Now that we’re in full production mode in terms of eggs, washing them has become the latest addition to the daily farm chores.
Right now I’m using the same brush to de-poop the eggs that normally de-greases the cast irons… I need to remedy that pronto.
Our New Hampshire Red rooster has officially been christened Tom Waits, as he likes to vocalize his gravelly crow around 4 AM.
On the plus side, he’s started mounting some of the hens, which bodes well for future chick production. Watch out, girls.
Will’s been making Julia Child’s coq au vin recipe for years, but always with broilers (quick tangent – many people today don’t know the difference between a broiler, a fryer and a stewing hen, knowledge we’ve lost in the past 50 years since the supermarkefication of our food supply. Broilers are the youngest you’d eat a chicken, which can be as early as 8 weeks with today’s hybrids. Tangent now over). This time, we actually used one of our roosters (mystery chick, not our New Hampshire Red) and the difference was amazing!
The whole point of the technique is to cook down the tougher meat of an older bird, so I shouldn’t be so surprised, but for a dish that I already found to be perfect, this was a culinary example of why we took on this whole farming venture… because you’re not suppose to use Cornish cross-, fatten up in half the time of traditional breeds-, Americans only ever eat broilers- chickens for everything. Not just because it’s unnatural, but because you can do delicious and interesting things with variety, the way our traditional, pre-giant refrigerator food culture understands. The very people who invented coq au vin in the first place.
So here’s a little photo montage of the entire creation. Be jealous of the mad skills of my awesome husband…
And then to really put things over the top, serve after finishing on an open fire while pressing cider (more on the cider pressing in a future post)…
pullet chicken egg, chicken egg, duck egg, double yolk duck egg
We got our first pullet eggs from the chickens today. Three to be exact. As you can see from the picture above, pullet eggs (the eggs chickens lay when the hens first start laying) are rather small. The awesome part is that the yolks are almost as big as a normal chicken egg, meaning the yolk to white ratio is way in favor of yolk, which makes for fantastic fried eggs.
The even more awesomeness is that in another week or so we should have enough eggs to start selling them to the restaurant, marking the first time we’ll actually get any payment for what we’ve been doing these last seven months. Woohoo!!!
My husband did an incredibly responsible thing – he scheduled a visit with our local extension agent to make sure everything looked okay around the farm.

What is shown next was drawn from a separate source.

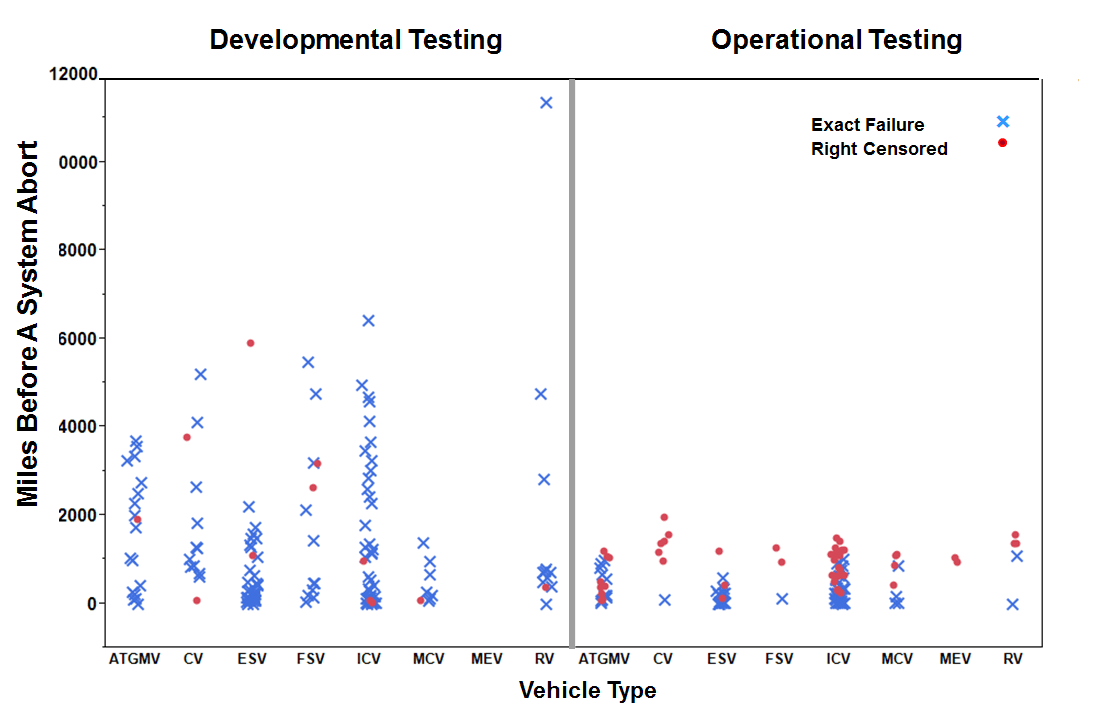 The Army reliability requirement for the Stryker is that the vehicle have a mean of 1,000 miles between System Abort (SA), where an SA is defined by a failure that results in the loss or degradation of an essential function that renders the system unable to enter service or causes immediate removal from service. Table 1 provides a summary of the Stryker FOV reliability data by test phase (DT or OT) and vehicle variant (system configuration). Included in this table are the total number of miles driven, the number of SAs, and the number of right censored observations. Right censoring occurs when the testing of the vehicle was terminated before an SA was observed. Of the 263 observations recorded, 199 of these were SA failures (131 SAs in DT and 68 SAs in OT) and the remaining 64 observations were right censored (12 in DT and 52 in OT).

Here’s a brief run down.
The good news is everyone looks healthy. The not so good news is that we may not have enough pasture to support 5 ewes and their lambs. The d’uh news is that the reason the sheep haven’t been eating much hay is that the stuff we bought turns out to be loaded with something called foxtail, which they don’t like. Also, it’s invasive. Awesome. The bad news is that it turns out that our pasture has the “wrong kind of grass” so it looks like we’ll be attempting to pull up wire grass (we were told to RoundUp and put the sheep somewhere else, but we don’t have a somewhere else, nor am I excited about the prospects of using RoundUp) and seed for things like clover. We also need to get our pH checked, so we are now equipped with soil samples.
The pigs look great. The aggression we were worried about is really considered playfulness (think dogs). Also a plus, we’ve probably been feeding them too much so we can cut back a bit, which will help expenses. The pasture over winter, woods by summer plans was met with approval as well.
The birds look healthy. She was a bit skeptical about our plans to breed without an incubator. Also, mid conversation, while hanging out with our New Hampshire Red rooster in the yard, a loud cock-a-doodle-do came from inside the coop. Turns out our mystery chick is a dude, which probably means he’ll be dinner sometime soon so as not to have two fighting cocks. If they can keep it civil until we move the New Hampshires down to the lower coop for baby-making this April, he may get a stay of execution. That being said, his penchant for crowing at 3 AM and waking up the toddler doesn’t bode well for his longevity.
She’d never heard of ducks that don’t swim. The fact that my most common search phrase for this blog is “ducks won’t swim” begs to differ.
Overall, it was a good visit. It’s comforting to hear that all your animals looks healthy from someone who actually knows what she’s talking about.
Just this week, our New Hampshire Red rooster decided to start crowing.
Alston refers to him as cock-a-do-dooooo. I think it’s great, but my bedroom is also the farthest room from the chicken coop, so ask me again come spring when the windows are open.
From what I’ve read, I should expect eggs at anywhere from 20 – 26 weeks, which means I won’t see eggs until about Jan. 2oth (the hens are currently 15 weeks old).
The three ducks from the original shipment (1 rouen and 2 khaki campbells) are already 24 weeks old. The other three rouens, including the drake (not that he’ll be laying anything) are 18 weeks old. I’ve read domestic ducks usually start laying at around 20 weeks if the light is sufficient when they reach that age. Being a mere 6 days from the winter solstice, I’m going to go with a no on that one.
Can you tell I’m getting a bit anxious (and hungry)?